Data listing
★ ★ ★ ★ ★
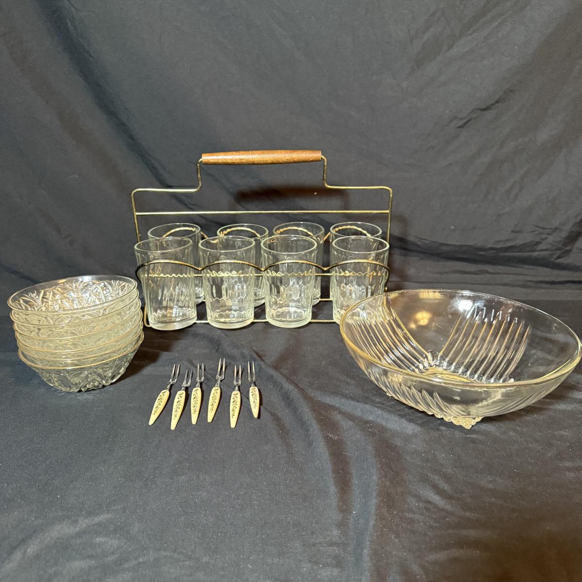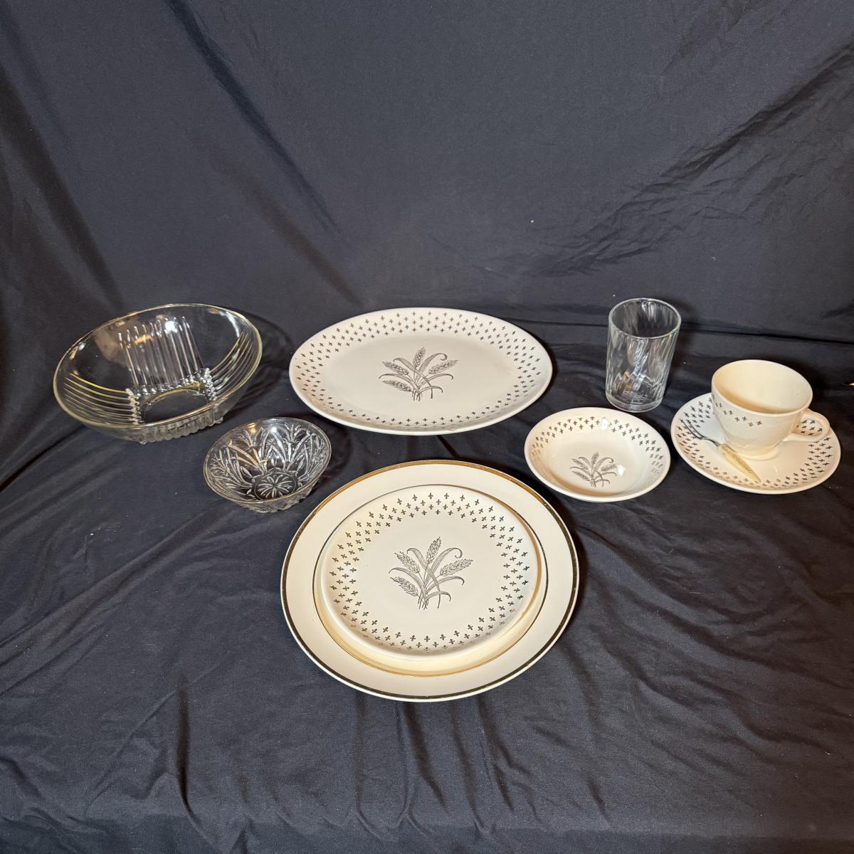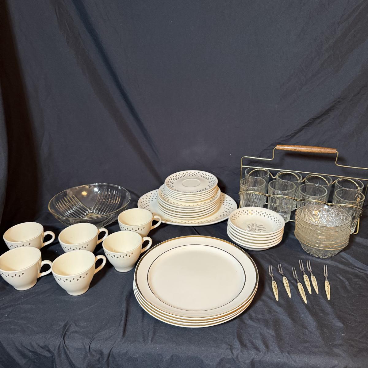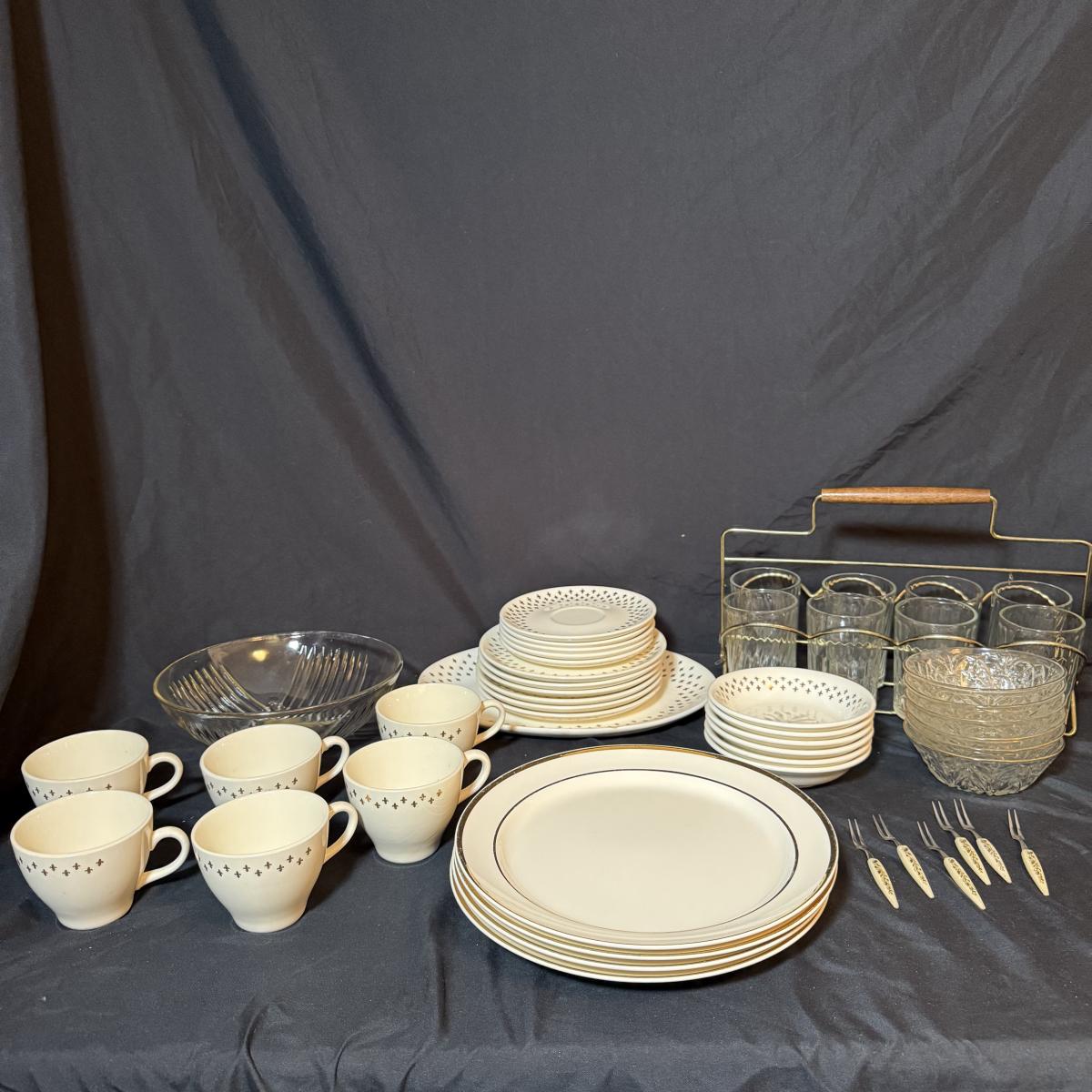 This lot contains a set of what appears to be Homer Laughlin Golden Wheat Fleur de lis 24 pc China set. This set comes with a serving plate, six bread plates, five saucers, six tea cups, and six fruit or dessert bowls. There is a chip in the rim of the serving plate. Also included is four gold rimmed dinner plates by Fotoware that match perfectly, these measure 10”D. Also included is a clear glass gold rimmed serving bowl as well as six gold rimmed clear glass fruit bowls, and six relish forks with gold details. Last is eight clear glass juice cups that come with their own metal caddy with a wooden handle. The caddy as a whole measures 12.75” x 5.5” x 9”H. Shipping available. Shipping can be costly. We suggest contacting our preferred local shipping provider, Postage Express, with dimensions and getting an estimate before bidding: (828) 255-9250 or shipping@postageexpressnc.com.
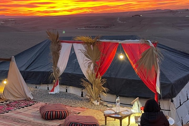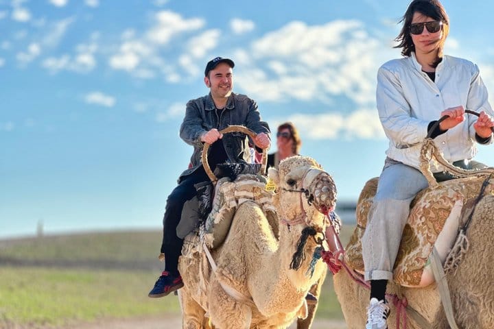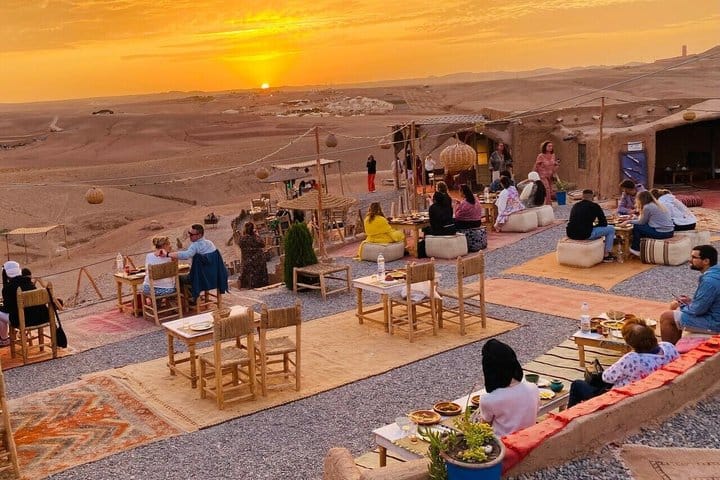 Savor the magic of the Agafay Desert with an unforgettable evening that includes a scenic camel ride and a delicious dinner under the stars. As the sun sets over the Atlas Mountains, ride across the rocky dunes on a dromedary, followed by a traditional Moroccan dinner featuring flavorful tagine and tea. Enjoy live Berber music and a captivating fire show, creating a vibrant atmosphere to end your day. This tour is perfect for families, couples, or anyone seeking an authentic Moroccan experience while enjoying the desert’s beauty.
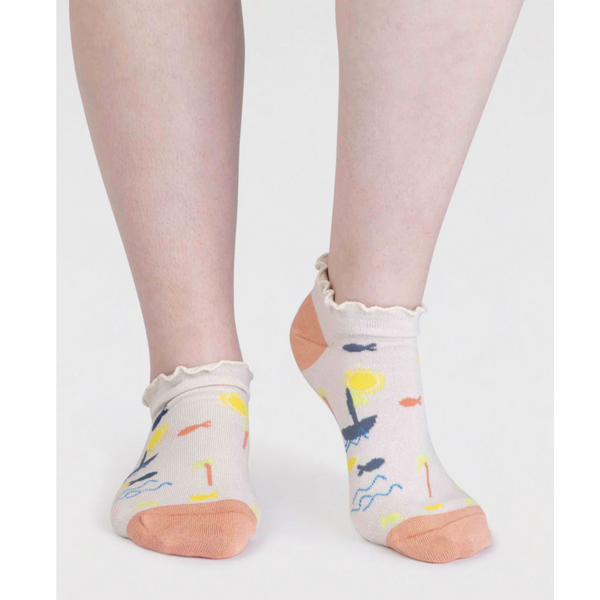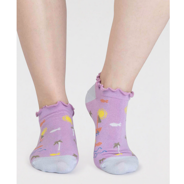 Explore Thought's curated range featuring the Laurel Hemp Watercolour Wrap Midi Skirt in sustainable hemp fabric, the Marlin Organic Cotton Jersey Jumpsuit for effortless summer style, and the Andrina Organic Cotton Broderie Midi Dress in vibrant coral orange. Discover the Kelby Bamboo Tie Dye Jersey Bralette and Seamless Body in recycled nylon blends that mould to your shape with stretchy, comfortable fabric. For footwear, find the Maron Bamboo Sailing Trainer Socks in mint and Ariella Bamboo Glitter Ankle Socks in lavender, both offering natural anti-bacterial and moisture-wicking properties. Each piece reflects Thought's commitment to innovative, sustainable design and guilt-free fashion.
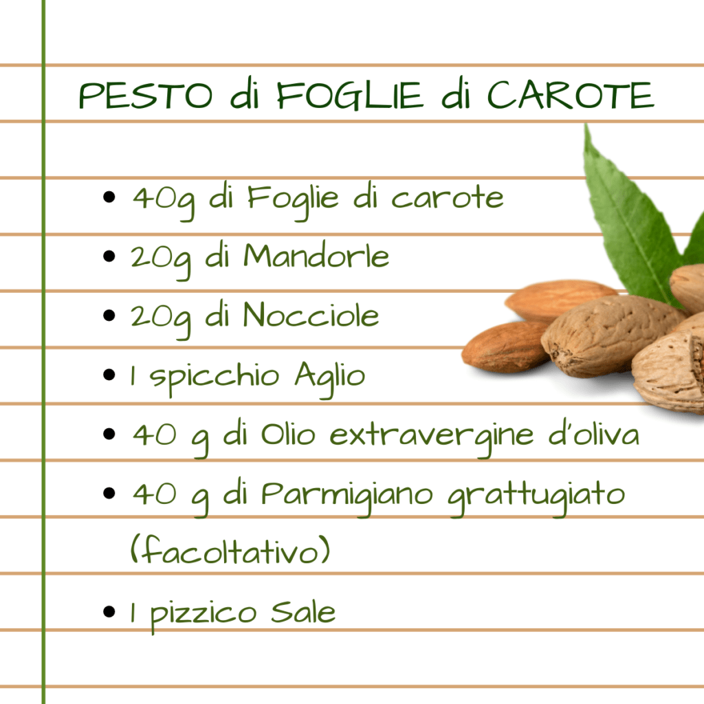 🥕 Lavare bene le foglie di carota (eliminare i gambi che risulterebbero troppo duri e usare solo le foglie tenere) in abbondante acqua fresca 🥕Farle sgocciolare e asciugare con un canovaccio 🥕Nel vostro frullatore mettete le mandorle e le noci, lo spicchio d’aglio sbucciato e le foglie di carota 🥕Aggiungere l’olio, un bel pizzico di sale e un paio di cucchiai di acqua 🥕Frullate a impulsi fino a che tutti gli ingredienti si sono amalgamati 🥕Se necessario unire un altro goccio d’acqua o di olio e continuare a frullare fino a raggiungere la consistenza desiderata 🥕Aggiungere il parmigiano grattugiato (se lo desiderate) e mescolare con un cucchiaio
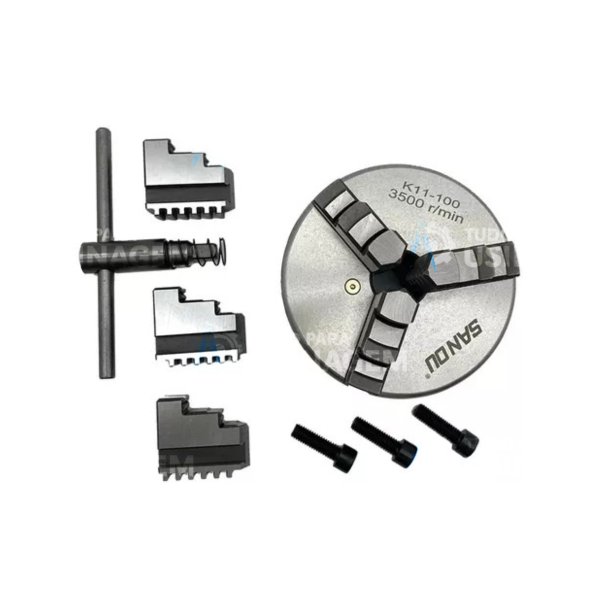 Construída em ferro fundido de alta resistência, com castanhas em aço temperado e retificado, garante robustez, precisão e longa vida útil, mesmo em ambientes industriais de alta demanda. O sistema autocentrante movimenta simultaneamente as três castanhas, centralizando a peça com rapidez e confiabilidade, reduzindo tempo de setup e aumentando a produtividade.
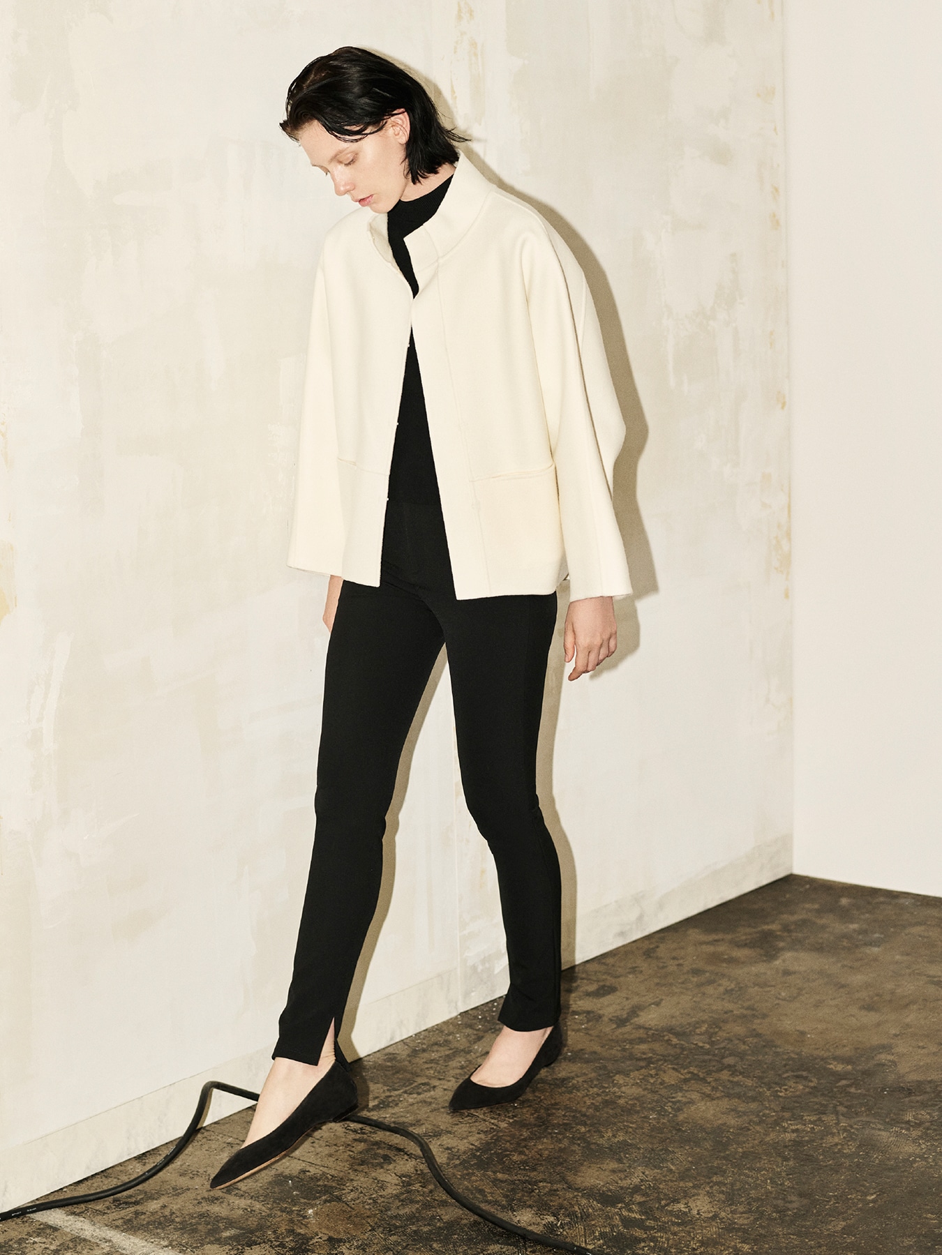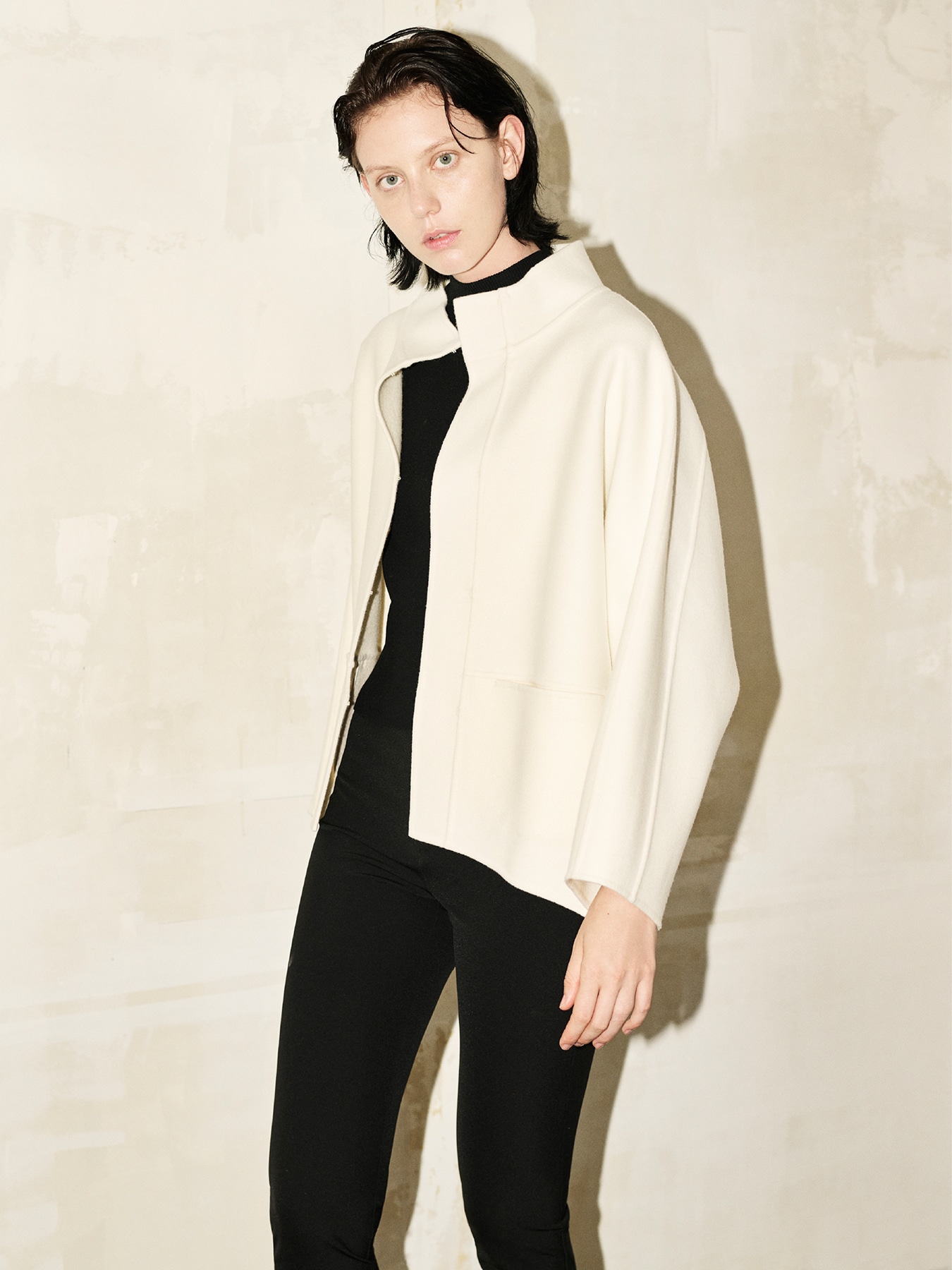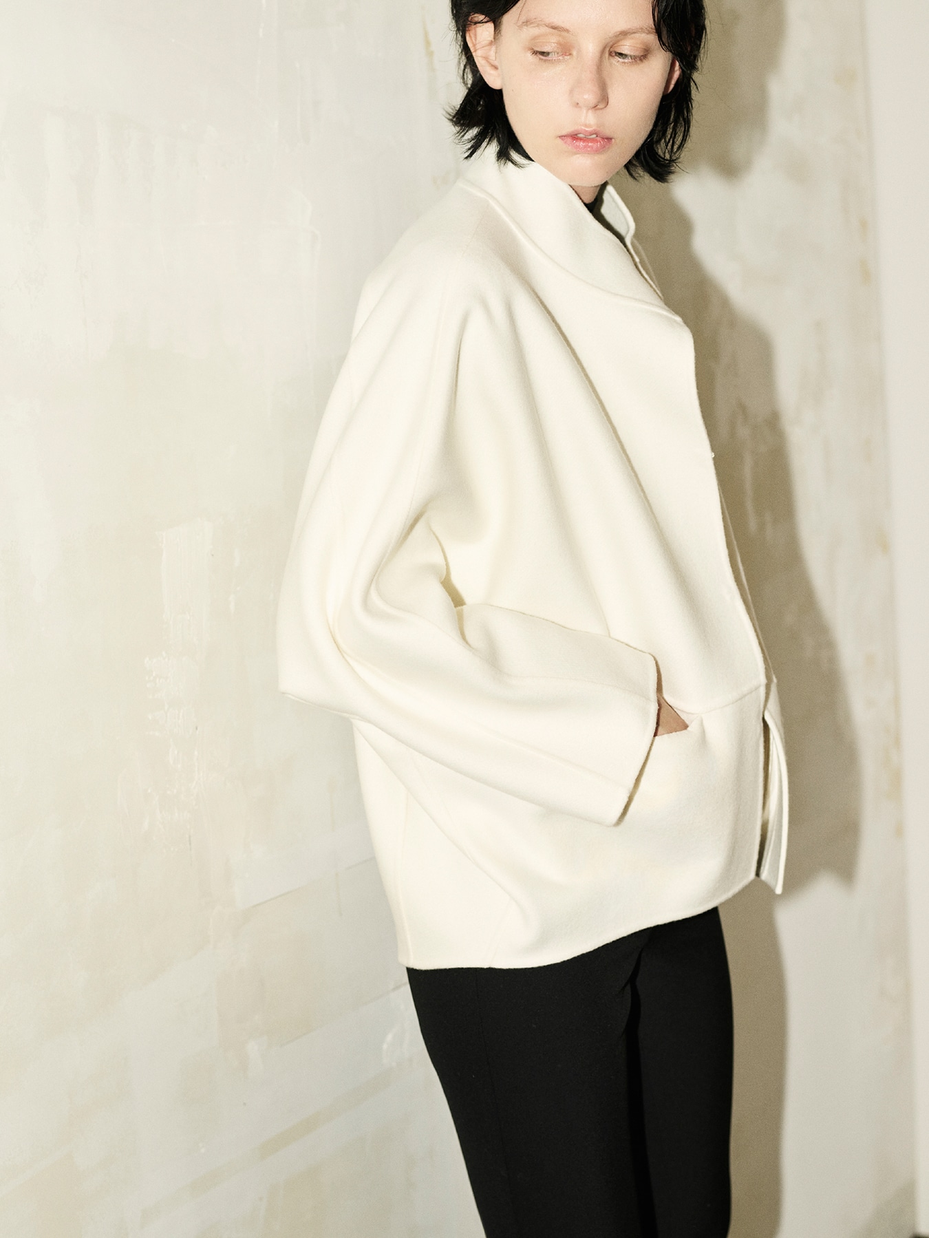 小顔効果や華奢見えが叶うオフネックラインとドルマン調のスリーブがポイントになった、コクーンシルエットのコート。ゆったりとしたシルエットはストレスフリーな着心地で、ボリュームスリーブやニットなど合わせるアイテムを選ばず、コーディネートの幅が広がります。前後差のあるヒップが隠れる程の丈感は、気になるボディラインをカバーしてくれるのが嬉しいところ。切替ラインに施されたシームポケットや、フロントのホック開きが身頃デザインをシンプルにまとめミニマルに。柔らかく滑らかな肌触りが魅力のリバー素材が抜群の着心地を与えてくれます。1枚仕立てのリバー縫製によって軽量感が嬉しいコートです。 ・フロントホック開き ・フロント切替シームポケットあり ・淡色はやや透け感あり ・ゆとりのあるフィット。通常サイズをお勧めします。 ・重量約800g ・(BLACK)モデル身長171cm/バスト82cm/ウエスト60cm/ヒップ88cm/Sサイズ着用 【お問い合わせ品番】 U243-010 OFF WHITEのみ:U243-011
★ ★ ★ ★ ★
Assignment
Given the entries above, transcribe exactly the lines from the one holding "Explore Thought's curated" through the one holding "con un cucchiaio"; pictures do not belong in the transcription.

Answer space
 Explore Thought's curated range featuring the Laurel Hemp Watercolour Wrap Midi Skirt in sustainable hemp fabric, the Marlin Organic Cotton Jersey Jumpsuit for effortless summer style, and the Andrina Organic Cotton Broderie Midi Dress in vibrant coral orange. Discover the Kelby Bamboo Tie Dye Jersey Bralette and Seamless Body in recycled nylon blends that mould to your shape with stretchy, comfortable fabric. For footwear, find the Maron Bamboo Sailing Trainer Socks in mint and Ariella Bamboo Glitter Ankle Socks in lavender, both offering natural anti-bacterial and moisture-wicking properties. Each piece reflects Thought's commitment to innovative, sustainable design and guilt-free fashion.
 🥕 Lavare bene le foglie di carota (eliminare i gambi che risulterebbero troppo duri e usare solo le foglie tenere) in abbondante acqua fresca 🥕Farle sgocciolare e asciugare con un canovaccio 🥕Nel vostro frullatore mettete le mandorle e le noci, lo spicchio d’aglio sbucciato e le foglie di carota 🥕Aggiungere l’olio, un bel pizzico di sale e un paio di cucchiai di acqua 🥕Frullate a impulsi fino a che tutti gli ingredienti si sono amalgamati 🥕Se necessario unire un altro goccio d’acqua o di olio e continuare a frullare fino a raggiungere la consistenza desiderata 🥕Aggiungere il parmigiano grattugiato (se lo desiderate) e mescolare con un cucchiaio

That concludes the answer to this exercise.